Have you got your wife's latest results - TSH, FT4 and FT3?
If endo has prescribed T3, then FT3 should be tested, and enough *should* be prescribed to help, although in reality it seems that most doctors don't really know how to treat with T3 even when they prescribe it.
Are her nutrient levels optimal? These are the levels to aim for:
Vit D - 125nmol/L according to the Vit D Council, 100-150nmol/L according to the Vit D Society.
B12 - top of range for serum iron, with a minimum of 550pg/ml because deficiencies begin to appear in the cerebrospinal fluid below 550.
Active B12 - at least over 70 (below 70 indicates need to test for deficiency). I would say at least half way through range (just my opinion), I had my test result come through today and mine is 82% through range with a note that says it is at a "healthy level".
Folate - at least half way through range.
Ferritin - at least 70, recommended is half way through range.
Does she take selenium l-selenomethionine 200mcg daily to help reduce antibodies (selenium can be tested before supplementing if preferred)?
Hi Susie, thanks for all your efforts and your detailed reply. Trying to get most recent blood test results but like I said she doesn't want to even talk about it. I do know her TSH was 13 6 months ago. T4 was a bit high T3 was normal. Surely if TSH is high and T4/T3 normal it indicates conversion issues ISTH - Impaired Sensitivity to Thyroid Hormone/ Refetoff's Syndrome? (Such high TSH should lead to high T4/T3). If she has inability to assimilate T3 at a cellular level NHS endo will never prescribe 'enough' T3 due to their reliance on the TFT blood test which would be almost meaningless in my wife's case. The NHS are wedded to the simplistic and incorrect assumption that if it's in your blood you'll absorb it.
I've spent a fortune buying my wife supplements which she doesn't commit to take. Do you honestly believe taking vitamins/ minerals will help? She's currently taking folate, B12, Vit D daily and she used to take Selenium but says it didn't make a difference. If she has ISTH surely the only thing that's going to help is the active hormone - T3?
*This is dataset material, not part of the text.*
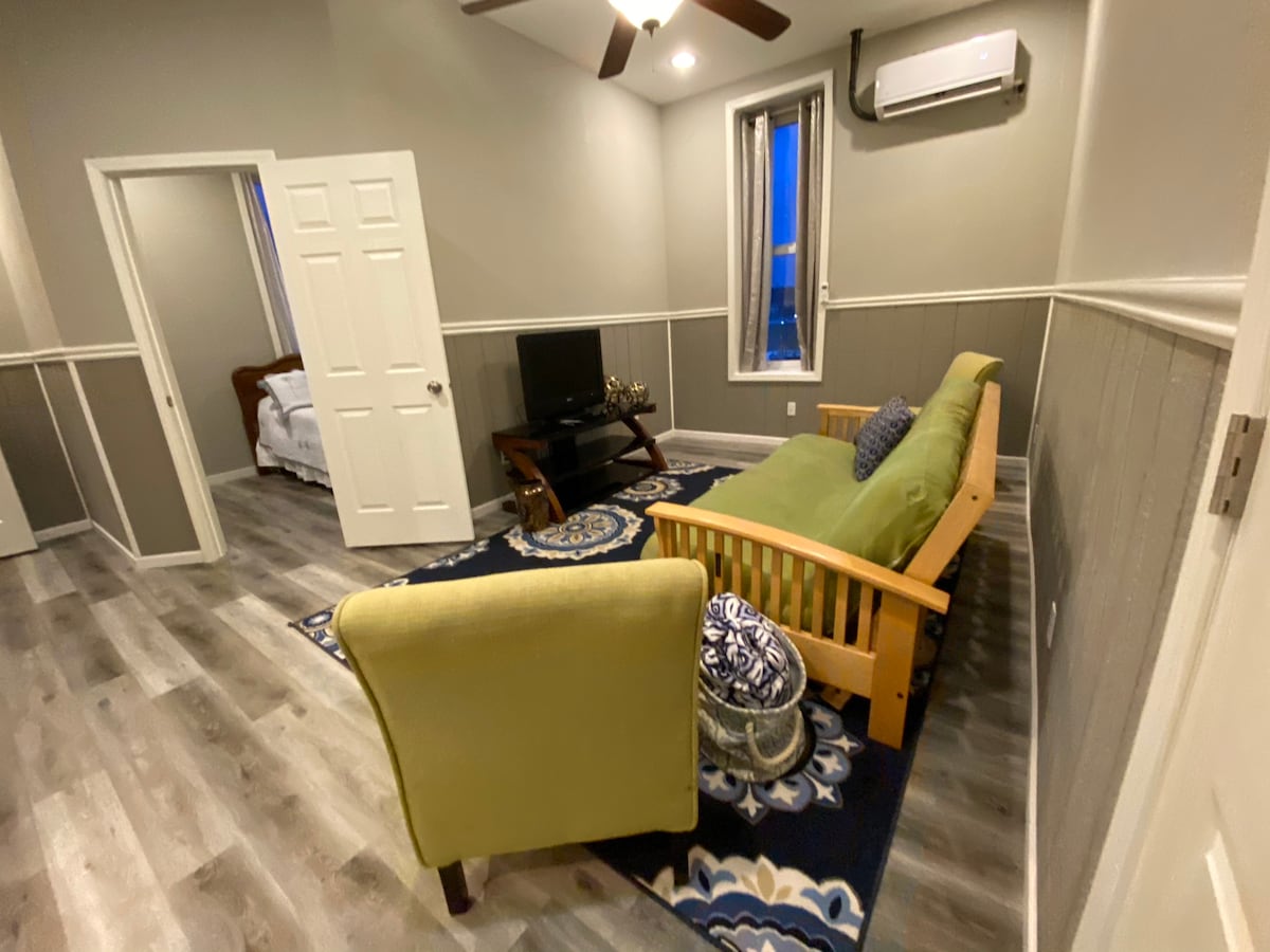 Nuestro apartamento Upper East Side en el centro de Fort Scott, Kansas, es un loft en todo su esplendor. Convenientemente ubicado en el distrito histórico de Fort Scott, los huéspedes están a solo unos pasos de boutiques locales, tiendas de antigüedades, museos, senderos para caminar, restaurantes, lugares para eventos y el sitio histórico nacional de Fort Scott. Esta espaciosa suite cuenta con una cocina equipada, una cama tamaño king, una cama completa, un sofá y un baño completo. Servicio de lavandería disponible. ¡Únete a nosotros para el fin de semana o haz que sea una estancia prolongada!

I work in a health charity and I know there are so many people living lesser lives because of poorly treated thyroid conditions and unrecognised ISTH.
Alan
I can't answer your questions about ISTH, it's not anything I have knowledge of. Member HughH knows a lot about that so he may pop along now that I have tagged him.
Do you honestly believe taking vitamins/ minerals will help?
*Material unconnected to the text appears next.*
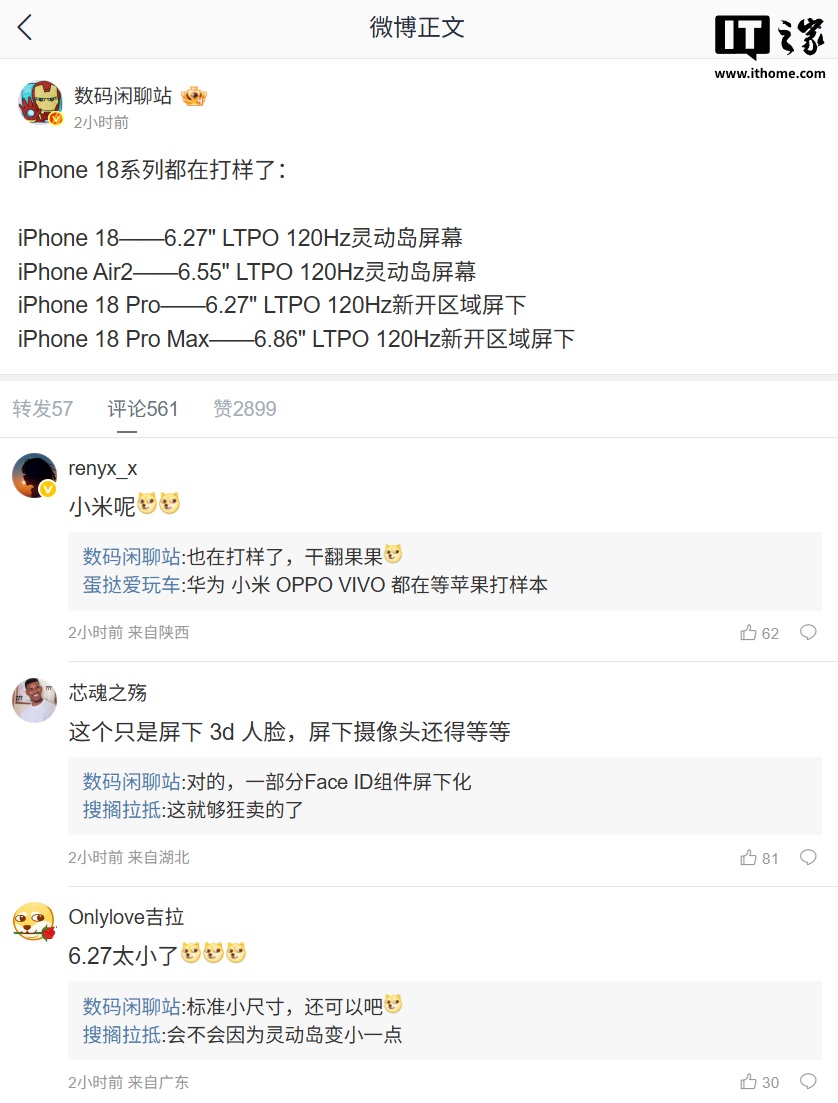 iPhone 18 —— 6.27" LTPO 120Hz 灵动岛屏幕iPhone Air2 —— 6.55" LTPO 120Hz 灵动岛屏幕iPhone 18 Pro —— 6.27" LTPO 120Hz 新开区域屏下iPhone 18 Pro Max —— 6.86" LTPO 120Hz 新开区域屏下该博主称,iPhone 18 Pro / Pro Max 将实现一部分 Face ID 组件屏下化。

Yes, if she needs them. Have her vitamin/mineral levels been tested and found to be low or deficient? If so is she taking the correct dose and any important cofactors that some need?
What are her latest vitamin/mineral levels - Vit D, B12, Folate, Ferritin?
Does she take her Levo correctly - on an empty stomach, one hour before food or two hours after, with a glass of water only (no tea, coffee, milk, and water only for one hour each side)?
Does she take her supplements at least 2 hours away from Levo? Vit D needs 4 hours away from Levo, and Vit D needs magnesium (4 hours away from Levo) and Vit K2-MK7 as cofactors.
I've spent a fortune buying my wife supplements which she doesn't commit to take.
Good quality ones or high street, supermarket, H&B brands? Why doesn't she commit to taking them? Can you make sure she does?
Hi Alan,
There is information of the Thyroid UK website about obtaining T3 by private prescription via pharmacies in Germany. This is perfectly legal and they are much cheaper than from a UK pharmacy.
thyroiduk.org.uk/tuk/treatm...
An overseas pharmacy is possibly much cheaper still, but it is becoming increasingly difficult to find reliable suppliers.
You would need the Free T3 and Free T4 actual results to see if conversion is ok. You are entitled to ask for them under the data protection regulations. The GP should have a copy of all hospital tests.
If the Free T4 is at the top of the range or above range and the Free T3 is low or at the bottom of the range then it could indicate a conversion issue.
Conversion problems are not the same as ISTH. People with conversion issues need to take T3 but would probably be ok with their Free T3 in the middle of the range. People with ISTH however need to have their Free T3 at the top or in many cases above the normal range to feel well.